然后对于schedule, 有两种solution。
注意考虑下多线程的情况。
[Solution #1]
第一种是round robin。1,2,3,4,四个路口,比如这次从路口1走了一辆车,下次从路口2开始扫描,看有没有车等着,有就从2走,再下次就从3开始扫。如果路口2没有车,那就看3,扫完一圈回到路口1,要是路口1有车,就走,没有,就说明此时此刻4个路口都没有车。
但是这样的解法看上去就不太合理。因为如果想象一下现实生活中的场景,其实会是一个multithreading的过程,4个路口相当于4个threads不停的有车来,而同一时间只能走一辆车,先来先走。
那么对于round robin的方法,会有bug。比如现在4个路口都没有车,然后getNextCar()和arriveCar(4, car)被两个threads同时call,那按照上面说的从0开始扫,发现没车,到1,结果这时候又有一个thread call arriveCar(3, car), 那么这样的情况扫到路口3的时候发现有车,就会让路口3的车先走。

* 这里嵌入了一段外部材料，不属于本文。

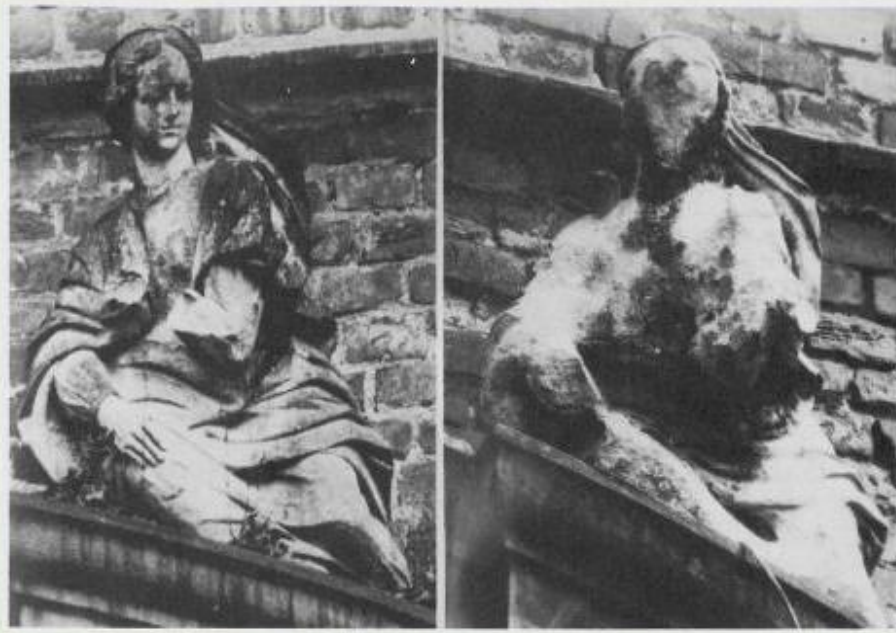
Мраморные статуи до и после кислотных дождей.

Промышленная и городская застройка «съедают» продуктивные земли, транспорт и предприятия энергетики загрязняют воздух и воды. Миллионы тонн серной и азотной кислоты выпадают в виде кислотных дождей , сжигая хвою, листву и ветви деревьев, окисляя почвы, разъедая каменное кружево произведений европейской архитектуры, загрязняют реки. Воды рек и озёр, отравленных промышленными стоками, сегодня подвергаются очистке. В Рейне вновь появилась рыба и, возможно, скоро река будет оправдывать свое название, которое переводится с немецкого языка как «чистый».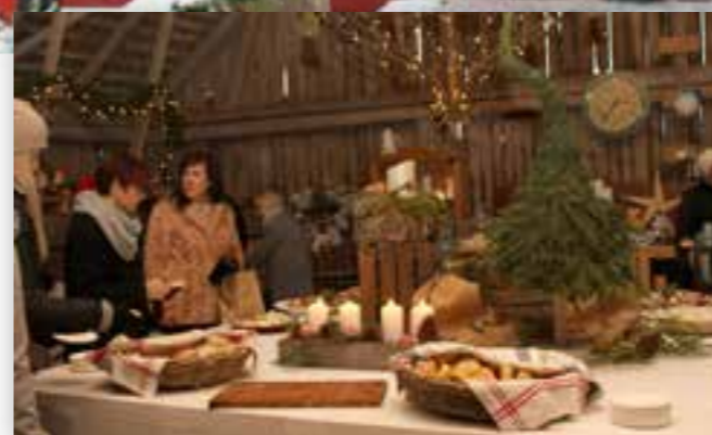
Serveringsbordet var välbesökt.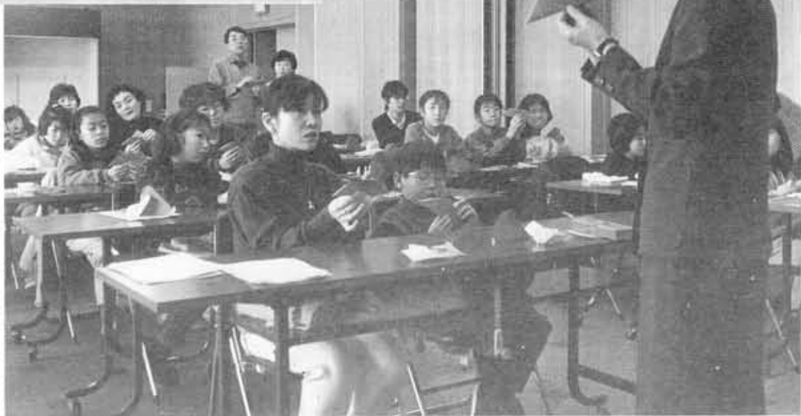
講師の手元を見つめるおかあさんの目は真剣そのものです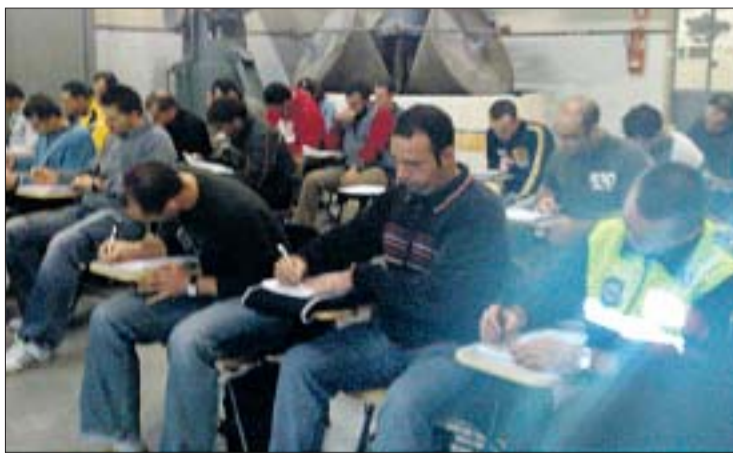
AYUNTAMIENTO DE AIELO DE MALFERIT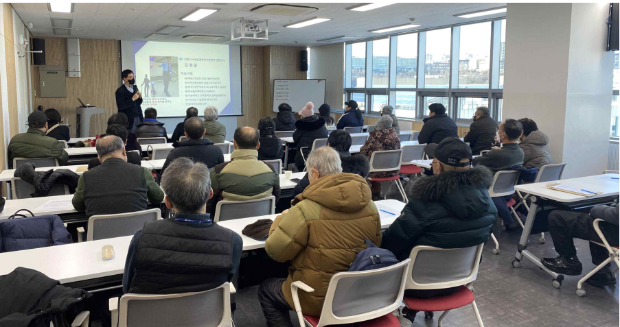
< 관련사진 >

시 소상공인정책과장은 “코로나19, 금리인상, 인플레이션 등으로 경제적 한계에 이른 소상공인 및 금융소외계층들이 채무조정과 맞춤형 교육을 통해 경제적으로 재기할 수 있는 계기가 되기를 바란다” 고 말했다.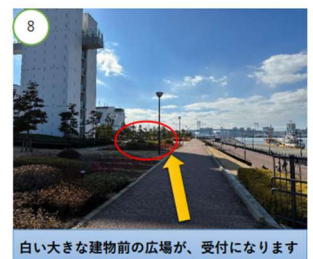
白い大きな建物前の広場が、受付になります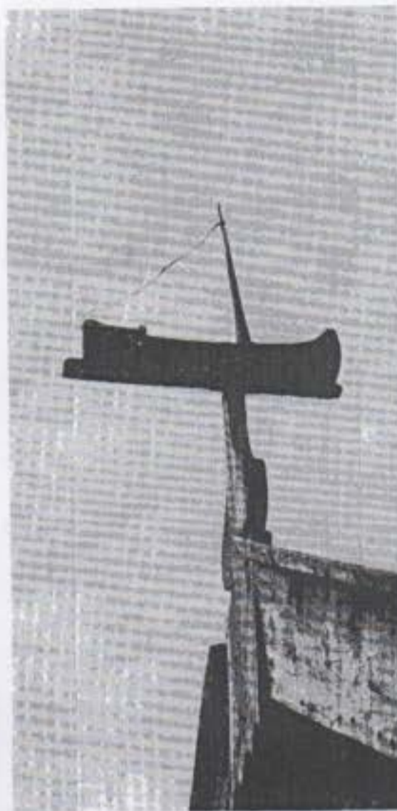
Windwijzer op de nieuwe timmerschuur.

但事实却是路口4的车先到。
[Solution #2]
Maintain一个queue来记录schedule的顺序,在getNextCar()的时候只要poll出queue里的第一辆车就可以了.
当arriveCar(Lane lane, Car car)的时候,如果当前lane里一辆车都没有,把新来的这辆车offer进schedule queue. 否则只需要offer进当前路口自己的queue就可以了。

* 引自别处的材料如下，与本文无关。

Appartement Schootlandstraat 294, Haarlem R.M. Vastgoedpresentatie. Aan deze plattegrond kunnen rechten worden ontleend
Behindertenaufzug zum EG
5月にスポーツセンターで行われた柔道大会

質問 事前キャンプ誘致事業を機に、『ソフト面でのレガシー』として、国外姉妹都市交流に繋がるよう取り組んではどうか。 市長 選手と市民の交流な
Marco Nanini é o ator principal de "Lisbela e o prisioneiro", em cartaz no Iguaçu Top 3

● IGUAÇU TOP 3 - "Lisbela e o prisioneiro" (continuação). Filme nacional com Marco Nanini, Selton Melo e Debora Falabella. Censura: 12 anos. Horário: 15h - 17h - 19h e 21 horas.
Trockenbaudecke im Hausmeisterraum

当getNextCar()之后,将next car所属车道的下一辆车offer进schedule queue。
这样即可以保证先到先走的顺序,用一个BlockingQueue也可以解决multithreading的情况。
class Car {
  int id;
  Lane lane;
   
  public Car(int id, Lane lane) {
    this.id = id;
    this.lane = lane;
  }
   
}
   
class Lane {
  Queue<Car> queue;
  int id;
   
  public Lane(int id) {
    this.id = id;
    this.queue = new LinkedList<>();
  }
}
 
// round robin - not survive multithreading
class Solution {
   
  List<Lane> lanes = new ArrayList<>();
  lanes.add(new Lane(0));
  lanes.add(new Lane(1));
  lanes.add(new Lane(2));
  lanes.add(new Lane(3));
 
  int currLane = 0;
     
  public void arriveCar(Car car, Lane lane) {
    if (car == null || lane == null) {
      return;
    }
    lane.queue.offer(car);
  }
   
  // round robin - not survive multithreading
  // 比如现在所有车道都没有车,currlane在0。
  // 然后getNextCar()和arriveCar(car, 4)同时被两个threads call
  // currlane从0开始循环,循环到1车道的时候又有另个一thread call了arriveCar(car, 3)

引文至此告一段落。